Listed entries: Begin

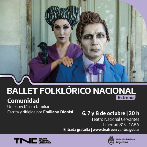 El Ballet Folklórico Nacional los invita a disfrutar del estreno de la obra Comunidad, un espectáculo familiar, que se realizará los días 6, 7 y 8 de octubre a las 20 h en el Teatro Nacional Cervantes.
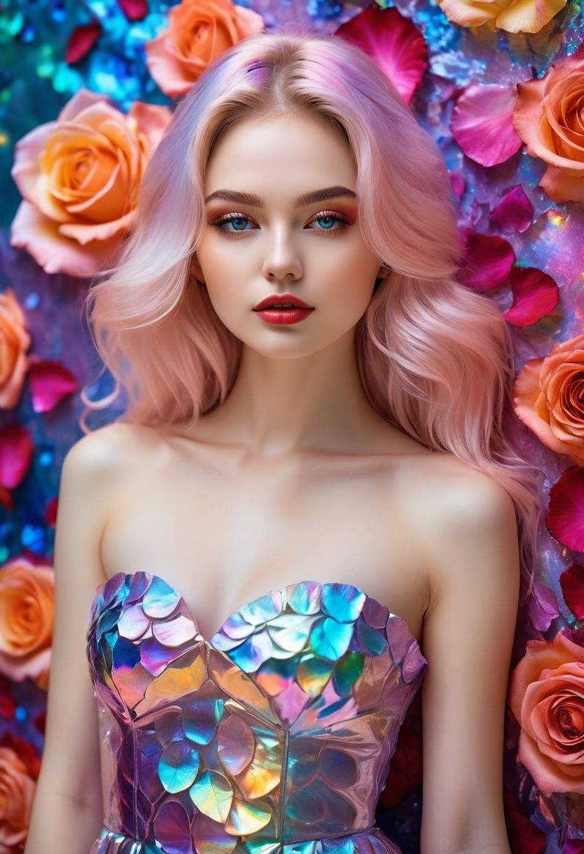 imagine standing-up portrait in ((style vivid iridescent saturated paint)) of beautiful 22yo made through surface of pristine crystal . divine beauty, most attractive in the world 1girl color. rare rose petals ,pale skin
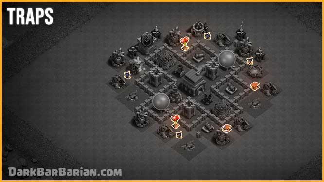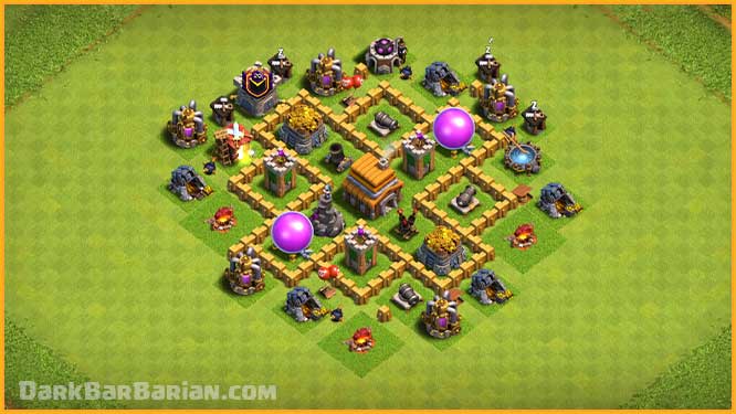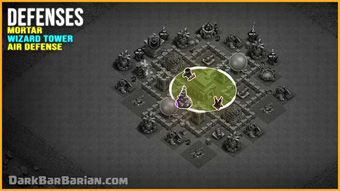 At Town Hall 5, the Mortar, Wizard Tower, and Air Defense are your most critical defenses, so we’ve positioned them inside the main compartment where they’re well-protected and can stay active for as long as possible.
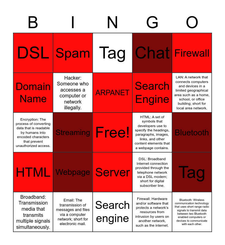 This bingo card has a free space and 65 words: WAN, Wiki, LAN, Tag, Netiquette, WWW, Spam, Hyperlink, ARPANET, Emojis, Server, Blog, Bluetooth, Firewall, Internet, Domain Name, Streaming, DSL, Broadband, Search Engine, Webpage, HTML, Chat, Email, ARPANET, Adware, Bandwidth: The amount of data, instructions, and information that can travel over transmission media., Blog: An informal website consisting of time-stamped articles, or posts, in a diary or journal format, usually listed in reverse chronological order., Bluetooth: Wireless communication technology that uses short range radio signals to transmit data between two Bluetooth enabled computers or devices to communicate with each other., Browser: Software that enables users with an internet connection to access and view webpages on computers or mobile devices., Broadband: Transmission media that transmits multiple signals simultaneously., Chat: A real-time typed conversation that takes place on a computer or mobile device with many other online users., Cookies: A small text file that a web server stores on your computer., Domain name: A text-based name that corresponds to the IP address of a server that hosts a website., DSL: Broadband Internet connection provided through the telephone network via a DSL modem; short for digital subscriber line., Email: The transmission of messages and files via a computer network; short for electronic mail., Emojis: Ideograms and symbols used in online communications to express emotions., Encryption: The process of converting data that is readable by humans into encoded characters that prevent unauthorized access., Firewall: Hardware and/or software that protects a network’s resources from intrusion by users on another network, such as the internet., Firefox: Mozilla Corporation’s web browser., Hacker: Someone who accesses a computer or network illegally., Hashtag: A number sign (#) followed by a keyword that describes and categorizes a Tweet., HTML: A set of symbols that developers use to specify the headings, paragraphs, images, links, and other content elements that a webpage contains., Hyperlink: A connection to other documents, graphics, audio files, videos, web pages, or websites that’s built into a certain website., Internet: A worldwide collection of computer networks that connects millions of businesses, government agencies, educational institutions, and individuals., ISP: A business that provides individuals and organizations access to the internet for a fee; short for internet service providers., LAN: A network that connects computers and devices in a limited geographical area such as a home, school, or office building; short for local area network., Malware: Programs that act without a user’s knowledge and deliberately alter the operations of computers and mobile devices; short for malicious software., Netiquette, Password, PIN, Piracy, Server, Search engine, Spyware, Spam, Streaming, Tag, VoIP, URL, WAN, Webpage, WWW, WiFi and Wiki.
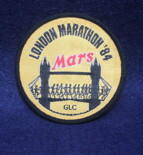 Vintage Sew on Badge Mars London Marathon 1984. Yellow black and re with London Bridge.

Listed entries: End

__Exercise instructions__.
An exact copy of the lines above from the one with "imagine standing-up portrait" up to and including the one with "At Town Hall" is required; reproduce only those lines, omitting all pictures.

__Reply to the task__.
 imagine standing-up portrait in ((style vivid iridescent saturated paint)) of beautiful 22yo made through surface of pristine crystal . divine beauty, most attractive in the world 1girl color. rare rose petals ,pale skin
 At Town Hall 5, the Mortar, Wizard Tower, and Air Defense are your most critical defenses, so we’ve positioned them inside the main compartment where they’re well-protected and can stay active for as long as possible.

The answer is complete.